During the European Game Developer’s Conference going on at the present time, the creative director of Yager Development (the studio behind Spec Ops: The Line) elaborated on the future of the team’s endeavors. Anybody who is clamoring for another Spec Ops game to follow up The Line may be sorely disappointed.
Apparently, the team is beginning work on a brand new game of unknown description, other than the fact that it is NOT another Spec Ops game. The game reportedly hasn’t met sales expectations, which isn’t surprising because when you color outside of the lines, no pun intended, you don’t normally make a profit for trying something new unless it is incredibly mind blowing. Spec Ops: The Line was certainly a bold step forward for the shooter genre, and a damn decent game, but it was not an instant classic. It also wasn’t marketed to the typical bro-shooter crowd, although oddly included an out of place multiplayer mode along with the unique campaign. I have yet to really hear anyone talk about this, at all, so I guess that’s a fair sign no one played it.
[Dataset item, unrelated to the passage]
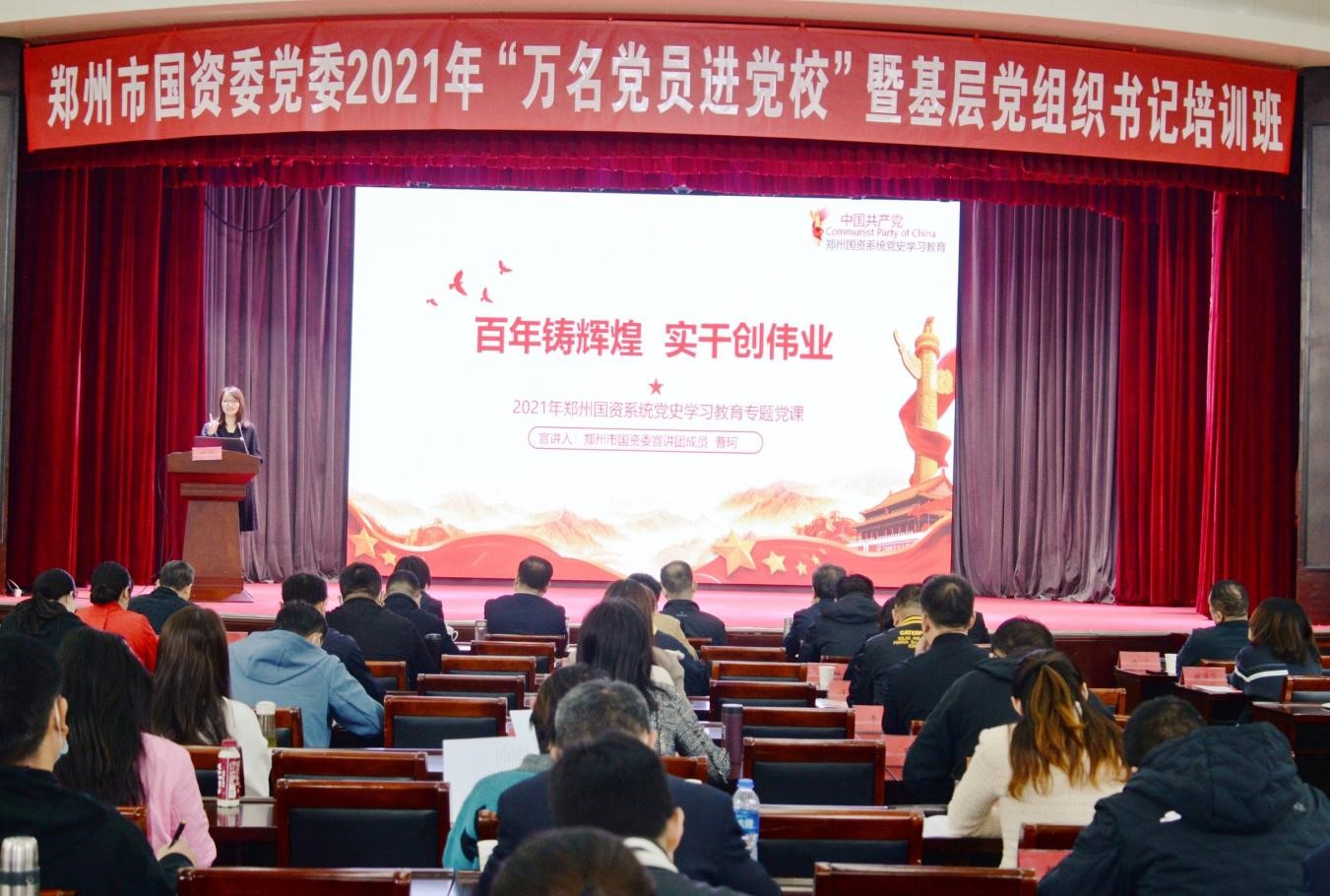 10月19日,鄭州市國(guó)資委黨委舉行2021年“萬(wàn)名黨員進(jìn)黨校”暨基層黨組織書記培訓(xùn)活動(dòng),鄭州地產(chǎn)集團(tuán)西流湖公司黨支部曹珂同志作為市國(guó)資委宣講團(tuán)成員,向市國(guó)資委黨委市管企業(yè)優(yōu)秀黨支部書記、優(yōu)秀共產(chǎn)黨員130余人進(jìn)行了以《百年鑄輝煌  實(shí)干創(chuàng)偉業(yè)》為主題的黨課宣講。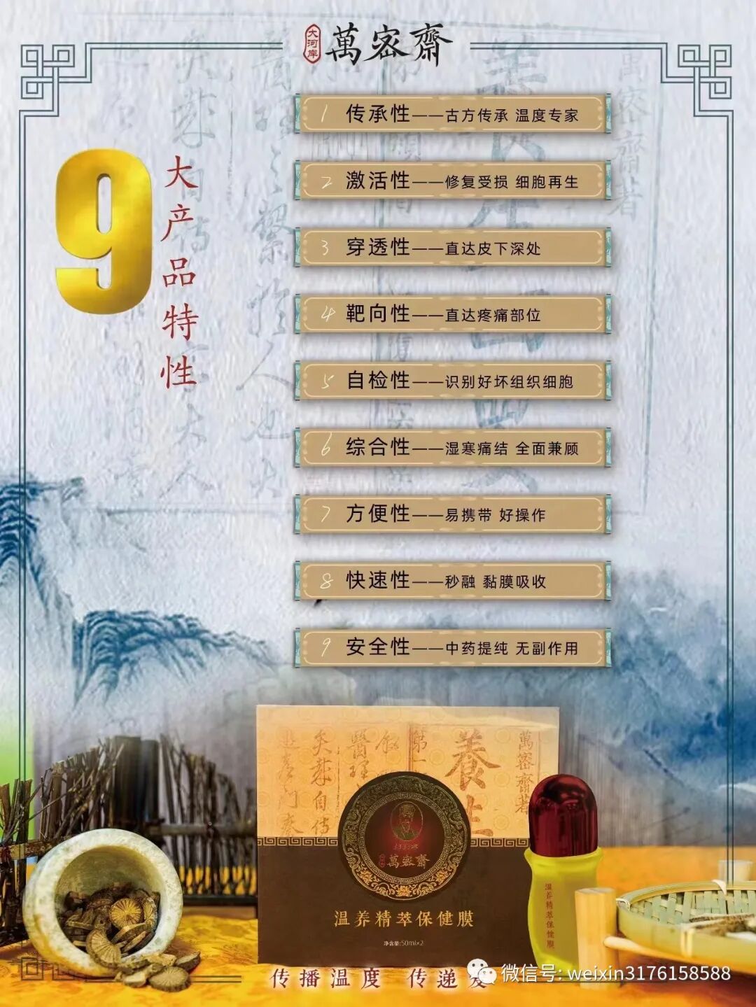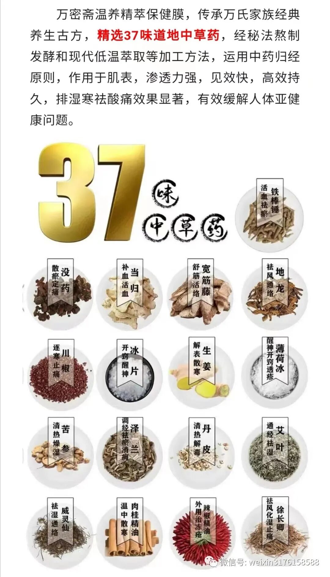 关节炎?试试万密斋的明星产品 —— 温养精萃保健膜,传承了万氏家族的经典养生古方,精心选取37味地道的中草药,经过秘法熬制发酵和现代低温萃取等一系列加工方式,遵循中药归经的原则,作用于肌表,不但渗透力强,见效快,持久性强,并且排湿寒祛酸痛的效果明显,能有效缓解人体亚健康的问题。

It’s sad, but by no means on any planet could it be considered surprising. They also specified that they were disappointed with how the requirement for Xbox 360 retail games as far as achievements go tended to sour what they had planned for the effect of their morality system based on in-game decisions. They claim they wish they hadn’t made achievements that pertained to these choices, but honestly, I can’t help but point the finger at Microsoft before crying foul at the developer. Seriously, I love my gamerscore and achievements are fun, but the fact that they are NEEDED I feel is an egregious demand. I feel like games should have achievements that make sense, therefore the developer should be allowed to choose whether or not they want to do them, and if they reach a limit and don’t want to force more than they have, so be it. In the end, moral choices in the game had less impact because players were compelled just to go back and do all of them just to squeeze out those cheevos. I’m not going to lie, I did just that, but still enjoyed the game, but if not for the achievements, I may have just lived with my choices. Imagine that?
Regardless, it seems that we’ll all have to live with the fact that Spec Ops’ 15 minutes of fame has passed, while Microsoft lives with its inevitable choice to “be all about those points, son!”